Previous research has demonstrated that glutamatergic projections from the thalamus→CINs mediate reversal learning30,31,55. In the present study, we show that the inhibitory dMSN→CIN transmission plays a modulatory role in regulating reversal learning, and that this inhibition is upregulated after drug exposure, causing enhanced suppression of CIN activity, and thereby reducing cognitive flexibility. Secondly, dMSNs are not always excited in vivo, rather dMSN activity increases during action-initiations1. Therefore, inhibition of CINs via dMSNs is not consistently maintained. However, long-lasting dMSN excitation (via drug exposure or excessive reinforcing behaviors) could lead to a decline in CIN activity.
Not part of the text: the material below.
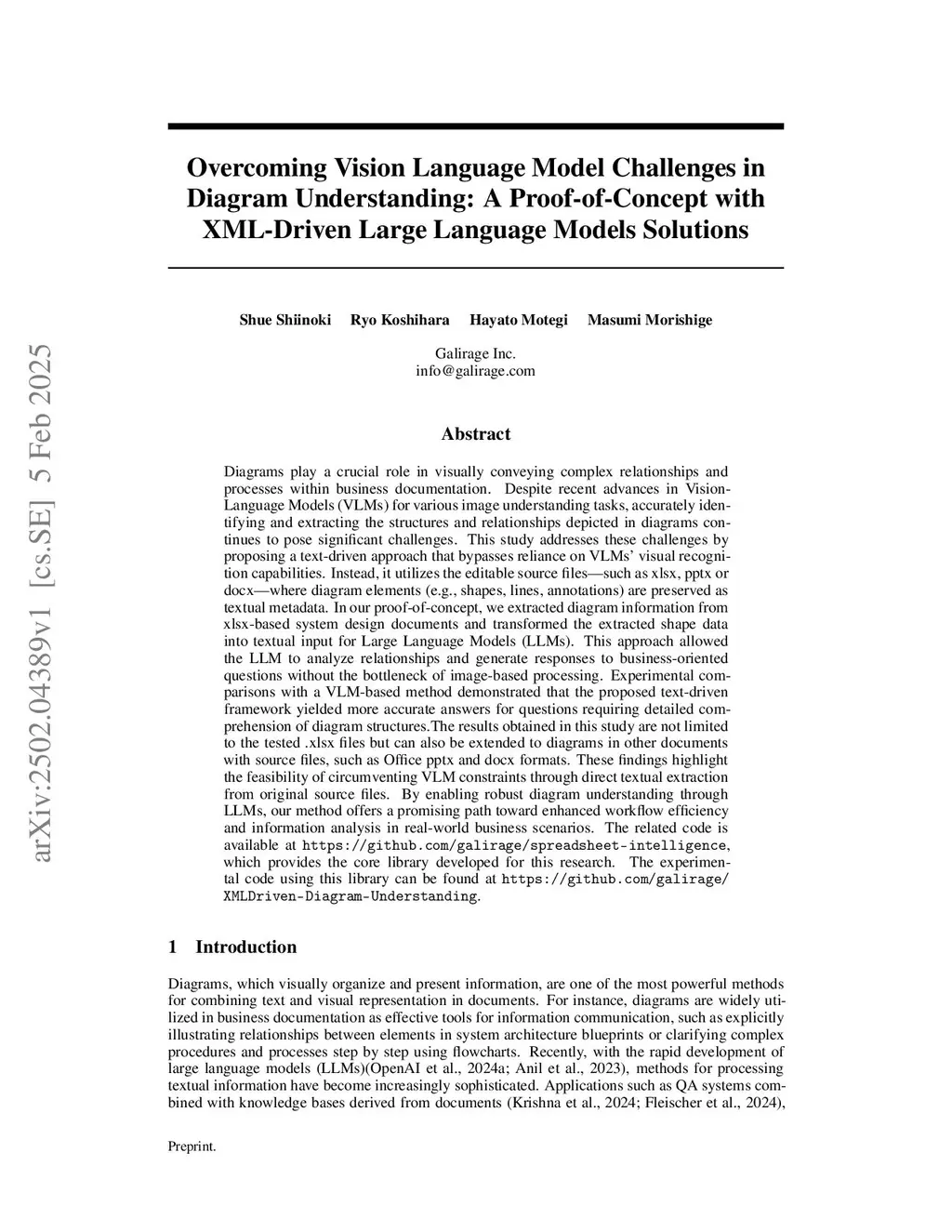 Overcoming Vision Language Model Challenges in Diagram Understanding: A Proof-of-Concept with XML-Driven Large Language Models Solutions

To summarize, we demonstrate that cocaine induces long-lasting potentiation of inhibitory dMSN→CIN transmission, thus reducing cognitive flexibility in a two-action-outcome reversal learning task. This cocaine-mediated deficit in cognitive flexibility is associated with increased GABAergic inputs to CINs, which reduces DMS CIN activity. Chemo- or optogenetic inhibition of DMS CINs, conducted to mimic the reinforcement effect of addictive substances, also reduced cognitive flexibility. Importantly, SNr-projecting dMSNs, which mediate reinforcement, send axonal collaterals to inhibit DMS CINs, which regulate behavioral flexibility. Our findings demonstrate that the local inhibitory dMSN→CIN circuit mediates the reinforcer-induced reduction in cognitive flexibility.

Methods

Animals

Transgenic mice were on the C57BL/6 (Mutant Mouse Regional Resource Centers) background, whereas transgenic rats were on the Long-Evans (Harlan Laboratories) background. All electrophysiology, histology and behavioral experiments were conducted in 4- to 7-month-old male and female mice/rats. Both mice (4–5 mice per cage) and rats (2 rats per cage) were group-housed and maintained in a temperature (72 degrees fahrenheit)- and humidity (54 percent)-controlled environment. In total, 116 male and 82 female animals were used for the study and sex was not considered in the study design. This was because it has been shown that cocaine administration impairs reversal learning in both male and female animals equally22. For the behavioral experiments, animals were kept in a 12:12 hr. light: dark cycle, and the experiments were performed in the dark cycle. Details regarding the single transgenic mice and rats used in this study are specified in Supplementary Tables 2 and 3, respectively. Animals were crossed as per the requirement of the experiment, Fig. 1a–h: wild-type rats, Fig. 1i–k: wild-type mice, Fig. 2: ChAT-eGFP mice, Fig. 3a–i: ChAT-Cre;D1tdT mice, Fig. 3j–m: D1-Cre;ChAT-eGFP mice, Fig. 4a–g: D1-Cre;Ai32;ChAT-eGFP and A2A-Cre;Ai32;ChAT-eGFP mice, Fig. 4h–j: D1-Cre;ChAT-eGFP and A2A-Cre;ChAT-eGFP mice, Fig. 4k–o: wild-type rats, Fig. 5a–h: D1-Cre;Ai167;ChAT-eGFP mice, Fig. 5j–k: ChAT-eGFP mice, Fig. 5l: D1-Cre;Ai32 mice, Fig. 5m–o: D1-Cre rats, Fig. 6: ChAT-Cre;tdT rats. All animal care and experimental procedures were approved by the Texas A&M University Institutional Animal Care and Use Committee and were conducted in agreement with the National Research Council Guide for the Care and Use of Laboratory Animals (AUP# 2022-0198).

Reagents

Cocaine solutions were prepared with (−)-cocaine hydrochloride (NIDA Drug Supply Program; cat #9041-001) in saline. CNO was obtained from the NIMH chemical synthesis and drug supply program. DNQX disodium salt (AMPA/kainate antagonist) was obtained from Abcam (ab120169). AP5 was obtained from R&D systems. All other reagents were obtained from Sigma. Details regarding viruses are provided in Supplementary Table 1.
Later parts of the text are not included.